Krzysztof Przekop by Koty2
Poinformowano nas, że w Szkole Podstawowej nr 3 w Augustowie uczeń utracił część palca w wyniku celowego trzaśnięcia drzwiami w toalecie przez agresywnych kolegów. Nieoficjalnie dowiedzieliśmy się, że ta sytuacja miała miejsce podczas przerwy. Usłyszeliśmy, że zamykanie współuczniów w toalecie i trzaskanie drzwiami stały się formą zabawy grupki uczniów placówki.
O sprawie została powiadomiona policja.
Chcąc zweryfikować napływające do nas informacje i ustalić okoliczności zdarzenia, skierowaliśmy szereg pytań do kierownik wydziału edukacji i sportu urzędu miejskiego Anity Szostak i zastępcy burmistrza Filipa Chodkiewicza. Zapytaliśmy ich m.in. czy incydent był wynikiem nieszczęśliwego wypadku, czy aktem przemocy. Czekamy na odpowiedzi.
Podobne, bardzo precyzyjne pytania w tej sprawie, wraz z prośbą o przedstawienie okoliczności zdarzenia, wysłaliśmy do dyrektora szkoły Andrzeja Kaszkiela. Poniżej publikujemy fragmenty jego odpowiedzi:
„W szkole miało miejsce nieszczęśliwe zdarzenie zaistniałe w wyniku nieodpowiedzialnego zachowania uczniów. Wszelkie procedury zostały zachowane, odpowiednie służby powiadomione, udzielona została pomoc przedmedyczna przez wykwalifikowaną opiekę pielęgniarską. Działania organizacyjne oraz wychowawcze szkoły zostały podjęte zgodnie z obowiązującymi przepisami”.
„Różne sytuacje wychowawcze, zdarzenia są codziennością wszystkich szkół. Najważniejszym zadaniem szkoły jest reagowanie na nie i prowadzenie profilaktyki wychowawczej.
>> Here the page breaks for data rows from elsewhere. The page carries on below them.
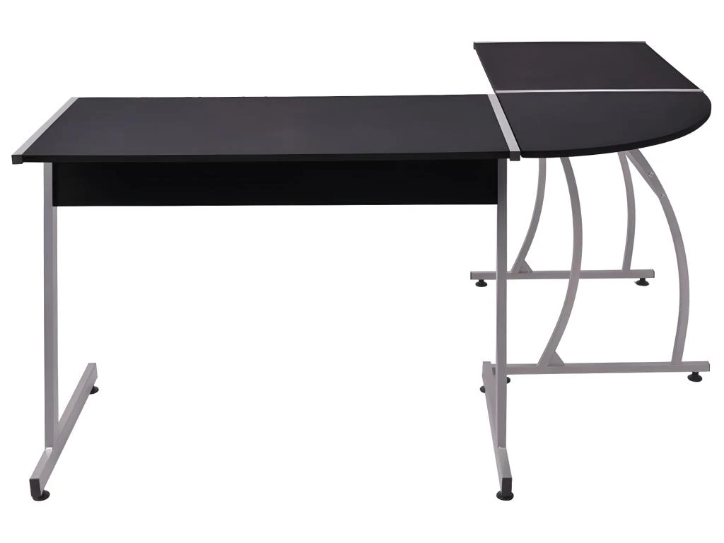ComposĂ© d’un cadre mĂ©tallique durable et d’un dessus de table en agglomĂ©rĂ© de haute qualitĂ©, ce bureau de coin est solide, robuste et stable.
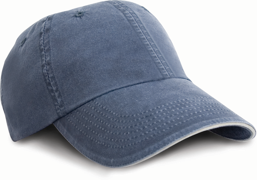 100% twillkatoen. 6 panelen. Zachte, voorgewassen pet. Zesvoudige naad op de sandwichklep. Verluchtingsgaatjes. Verstelbare sluiting aan de achterkant met metalen gesp. Geschikt voor borduring en bedrukking.
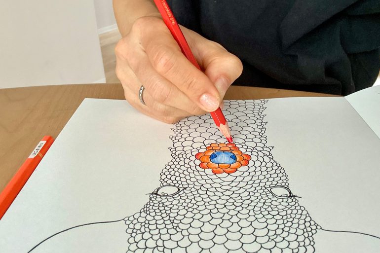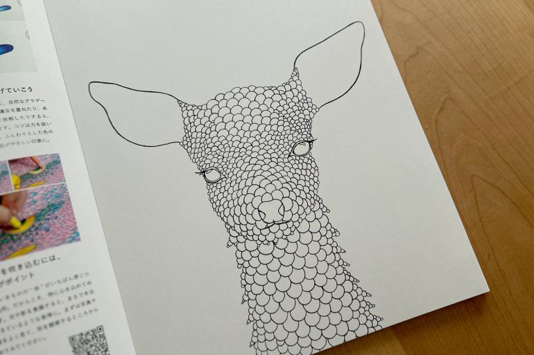 小さなの〝つぶ〟をひとつひとつ丁寧にぬり重ねることで、21種類の愛らしい動物やめずらしい生き物が、いきいきと輝き出す、新感覚のアート体験。モチーフは非常に細かいが、ぬること自体はやさしい。色鉛筆さえあれば、いつでもどこでも心癒されるひとときが楽しめると、多くの人を魅了しているのだ。
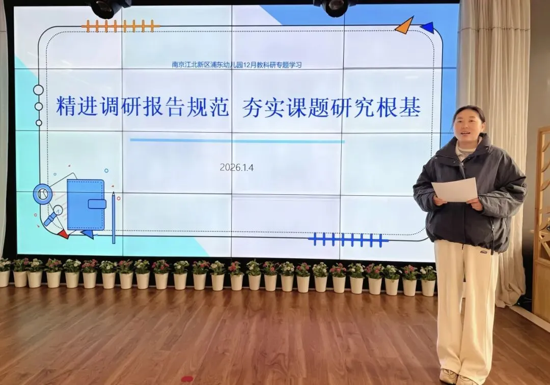 为深入贯彻落实新时代教育科研工作要求,夯实幼儿园教师课题研究专业基础,提升教科研成果质量,以高质量教科研引领幼儿园教育教学实践创新发展。2026年1月4日,南京江北新区浦东幼儿园在教科室副主任张美娟老师组织下开展了以“精进调研报告规范 夯实课题研究根基”为主题的专题培训活动。
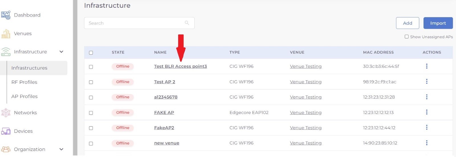 Step 1: Select Infrastructure from menu and click on the Access Point name from the list below

Kierując się rzetelnością, należy oddzielać jednostkowe, niezamierzone zdarzenia od problemów wychowawczych, które pracownicy pedagogiczni naszego zespołu szkolno-przedszkolnego rozwiązują codzienne. Szukanie sensacji w czyimś nieszczęściu (zarówno uczniów i ich rodzin) jest moim zdaniem nieetyczne”.
Z pewnością wrócimy do tego tematu, kiedy tylko napłyną do nas nowe informacje, w tym odpowiedzi kierownik wydziału edukacji i sportu, a także zastępcy burmistrza.
Warto jednak przypomnieć, że jeszcze niedawno Filip Chodkiewicz zarzucał byłej dyrektor Szkoły Podstawowej nr 3 Wiesławie Chrulskiej, że w okresie pełnienia przez nią funkcji w placówce istniały niepożądane zjawiska, w tym nierozwiązany i narastający problem przemocy wśród uczniów. Sąd uznał, że Chodkiewicz w tej sprawie kłamał. Pamiętamy też dyskusje o połączeniu „trójki” w zespół szkolno-przedszkolny, deklaracje o dodatkowych etatach psychologa w szkole, priorytetowym rozwiązaniu wszystkich niepożądanych zjawisk.
Fragment wpisu Filipa Chodkiewicza w mediach społecznościowych po przegranej sprawie sądowej z Wiesławą Chrulską:
"Można bić dzieci w szkołach, można wkładać im głowy do sedesu i spuszczać wodę. Za to nie można czynić z tego publicznego zarzutu w stronę dyrektora szkoły! A już zwłaszcza, kiedy zbudował wokół szkoły nowy płot i wyremontował łazienki".
Czy w tej szkole jest jakiś dyrektor? Czy może uczniowie, ich rodzice, pedagog i nauczyciele solidarnie ponoszą odpowiedzialność za funkcjonowanie placówki i zarządzanie szkołą? W takim razie po co potrzebny jest tam dyrektor? W jakim celu burmistrz Karolczuk zatrudnił pana Kaszkiela na stanowisku dyrektora szkoły? Czyżby tylko do odbijania piłeczki?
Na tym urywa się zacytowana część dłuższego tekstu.